Pence, a 2024 Republican presidential candidate, criticized the Biden administration for urging Israel to delay its ground invasion of the Gaza Strip until all of the more than 200 hostages are released. The former vice president called on the U.S. to allow Israel to take any step they feel is necessary to destroy and defeat Hamas, the terrorist group that launched the deadliest attack on Israel since the 1970s.

Harlow cited retired U.S. Army Gen. Stanley McCrystal’s previous comments to CNN arguing that the U.S. should have waited a year after the September 11, 2001, attacks before attacking Al-Qaeda in order to better prepare the U.S. for war in the Middle East. Pence responded by calling McCrystal’s assessment “incomprehensible” and took a shot at Biden’s “disastrous withdrawal” from Afghanistan in Aug. 2021.

“For twenty years, up until Joe Biden’s disastrous withdrawal from Afghanistan, it was American forces there, American forces around the world, that kept us safe from another major terrorist event on our soil. So no, I think we’ve gotta stand strong, I think we’ve gotta make it clear that there will be a price to be paid.” Pence said.
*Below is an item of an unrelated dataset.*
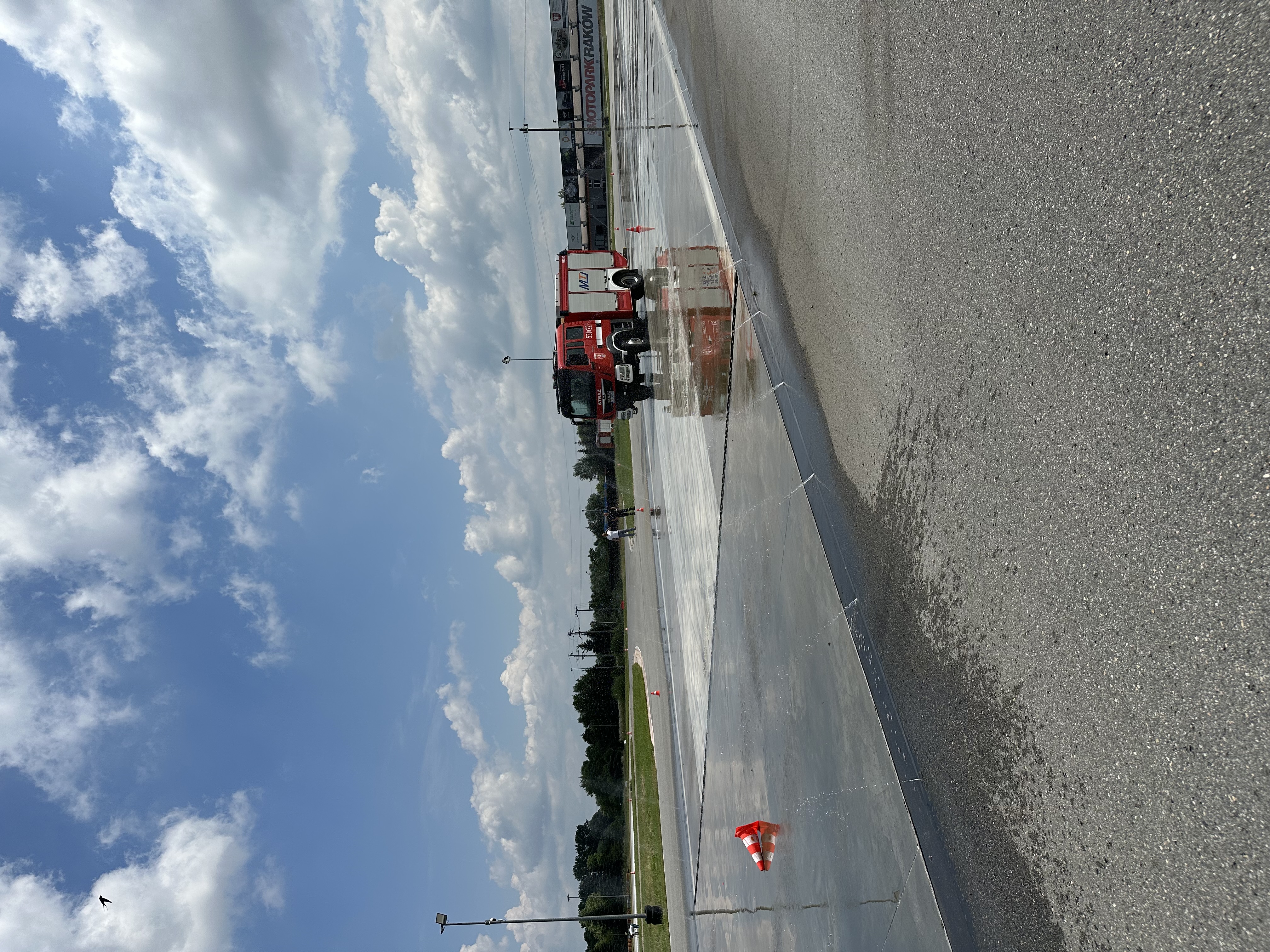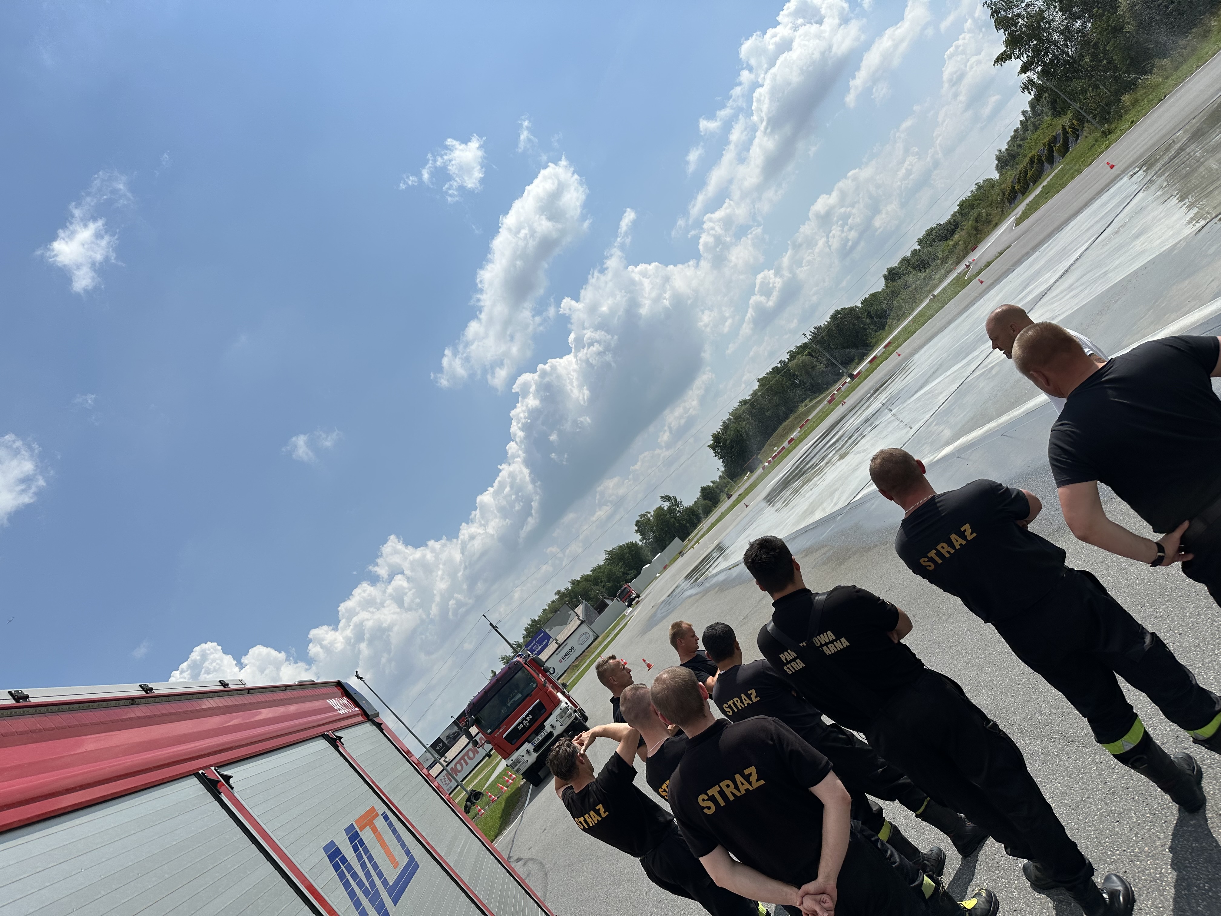 - Hamowanie awaryjne. Hamowanie awaryjne na wprost na przyczepnej, mieszanej i śliskiej nawierzchni. Hamowanie awaryjne z ominięciem przeszkody (kurtyny wodne) i w zakręcie.

“I go back to that forty-years-ago lesson, Poppy. It was forty years ago today, 241 marines,” he continued, referring to the 1983 bombing of a barracks housing U.S. forces in Lebanon. “When we signaled American retreat, it was Osama Bin Laden himself who would write that emboldened him to set into motion the efforts that led to 9/11. We’ve got to meet this moment with American strength, and we’ve gotta stand without qualification by Israel as they do what needs to be done to hunt down and destroy Hamas.”

“I want to move onto the hostages being held, but before I do, President Biden [was]carrying an agreement to withdraw those troops from Afghanistan that was made during the Trump-Pence term presidency,” Harlow said. “Look, you said yesterday, Mr. Vice President, that you think that the U.S. should —”

“Well, but it wasn’t carried out the way we were gonna carry it out, Poppy,” Pence interrupted. (RELATED: ‘With Overwhelming Force’: 2024 Presidential Candidates Respond To Attack On Israel) 

“I want time to ask you about the hostages because you care a lot about this, Mr. Vice President,” Harlow continued.

“Well he changed the deal and it turned into a disastrous withdrawal, but we can talk about that again in the future,” Pence said.

A State Department after-action review team found fault with both the Biden and Trump administrations in the chaotic withdrawal of U.S. troops from Afghanistan. Thirteen U.S. service members were killed in a suicide bombing at the Kabul airport as the last American troops departed the country, and the Taliban quickly reclaimed Afghanistan after 21 years.